[Data segment]:
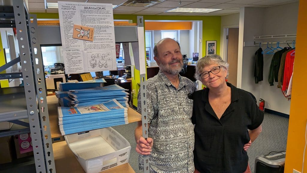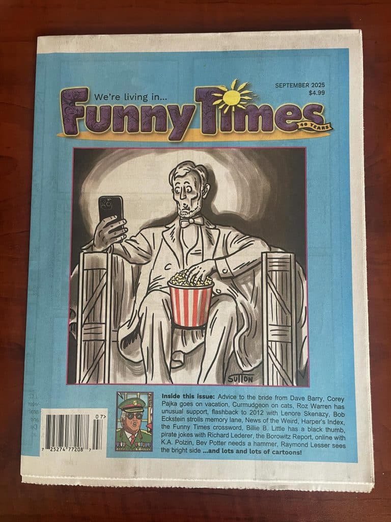 How long will the Funny Times continue? The founders worry not just about censorship’s rise and journalism’s decline, especially in print, but about artificial intelligence. Wolpert says, “They’re stealing the work of cartoonists, the style and the content. No credit. No payment.” Whatever the future holds, though, “We’ve had a great run.”
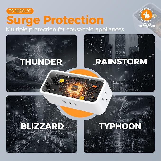 • Surge Protector Outlet: This extension cord surge protector with 900J surge protection can protect your expensive electrical appliances from damage by lighting, surges and spikes
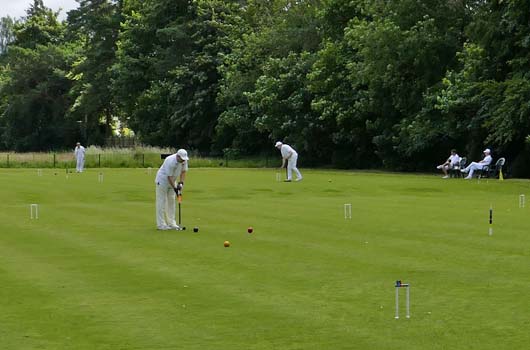 Tim B was struggling out on lawn 4 but recovered before eventually losing on time, so it was now 3-2 to Pinchbeck and all depended on Peter and Tim N. Peter finally got home in spite of (I think this is what happened) forgetting a lift and laying up near corner 3! Tim sometimes failed to heed the Walker Brothers advice to make it easy on yourself, but held on to win +1t to give us the match win. Phew!
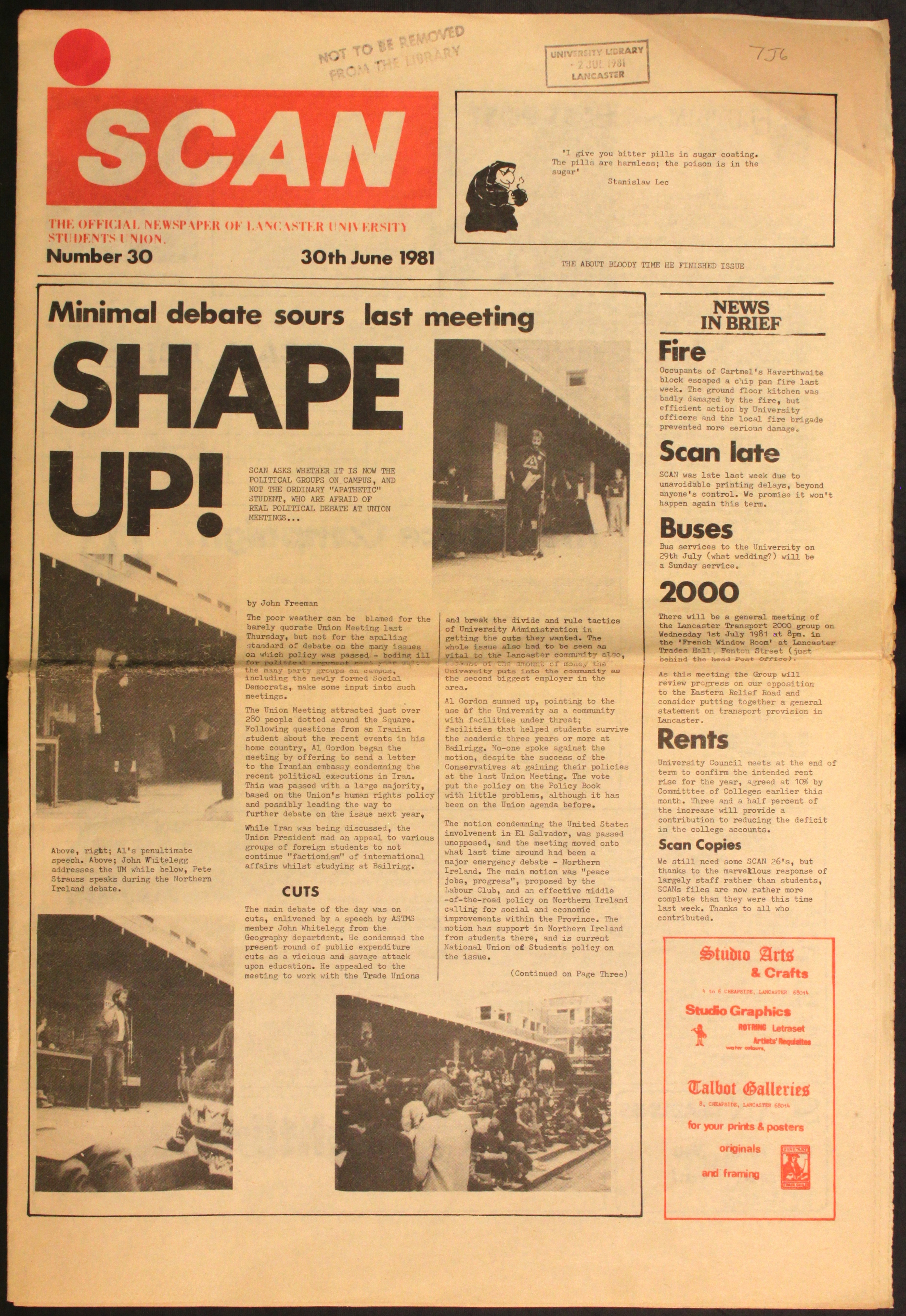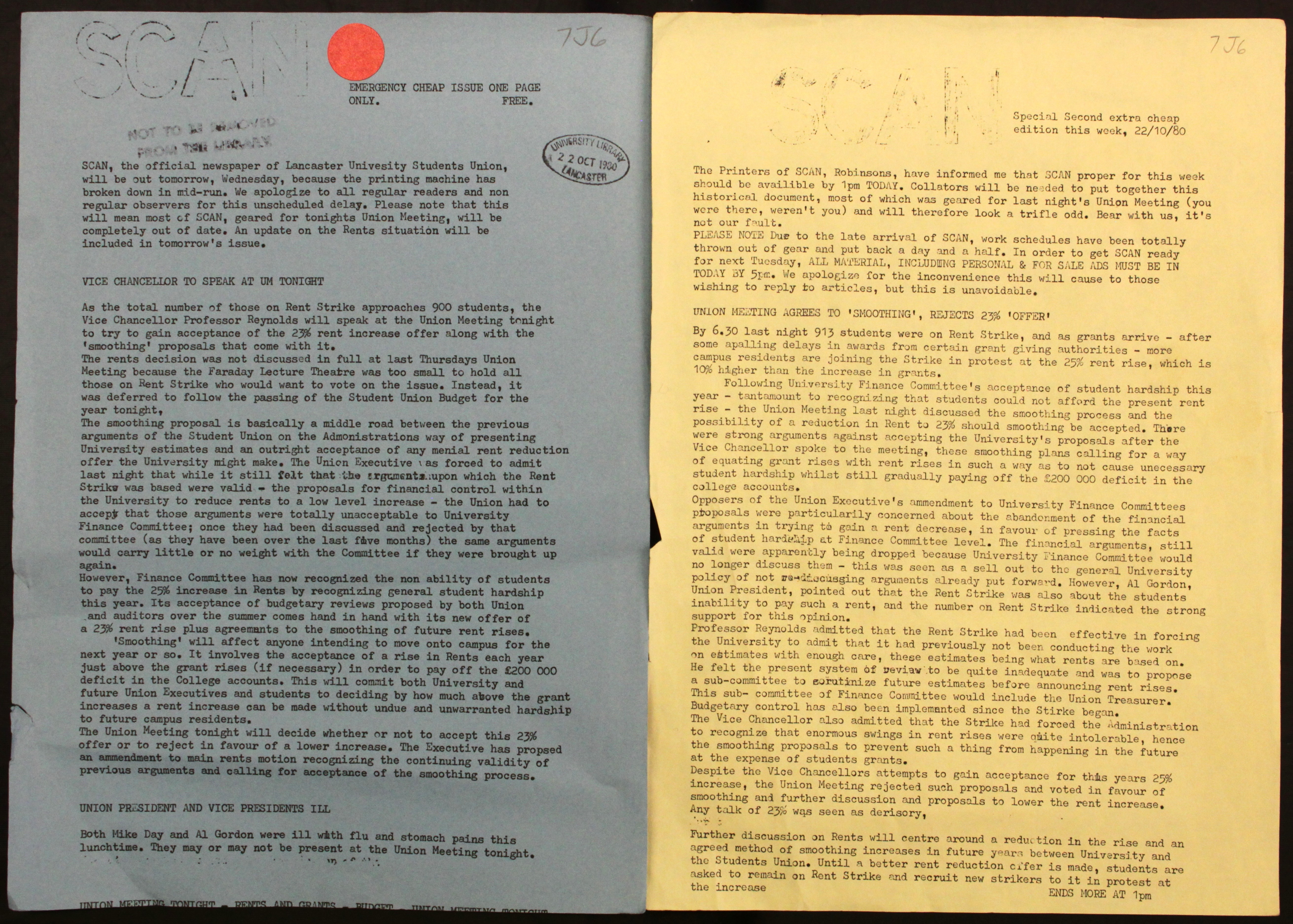 Over the last 50 years SCAN has been engaged in reporting student comment and news during which it has been a front-runner for student politics and change. Like the University the paper has changed dramatically since its founding – evolving from a typewritten pamphlet in 1967 into a full-blown 64-page broadsheet by 2013. This article picks out 50 of the most noteworthy stories from the University’s rich history and is in dedication to Marion McClintock who has kept our University archives in proper and correct condition since joining Lancaster in 1968. I also personally thank her for accommodating me so kindly as I sifted through countless issues of University news. There are some real crackers in this lot, so I hope you enjoy reading them as much as I did.

[What the task requires]: The line containing "surges and spikes" marks the end: transcribe every line from the start of the listing up to and including it, minus the pictures.

[Solution for this exercise]:
 How long will the Funny Times continue? The founders worry not just about censorship’s rise and journalism’s decline, especially in print, but about artificial intelligence. Wolpert says, “They’re stealing the work of cartoonists, the style and the content. No credit. No payment.” Whatever the future holds, though, “We’ve had a great run.”
 • Surge Protector Outlet: This extension cord surge protector with 900J surge protection can protect your expensive electrical appliances from damage by lighting, surges and spikes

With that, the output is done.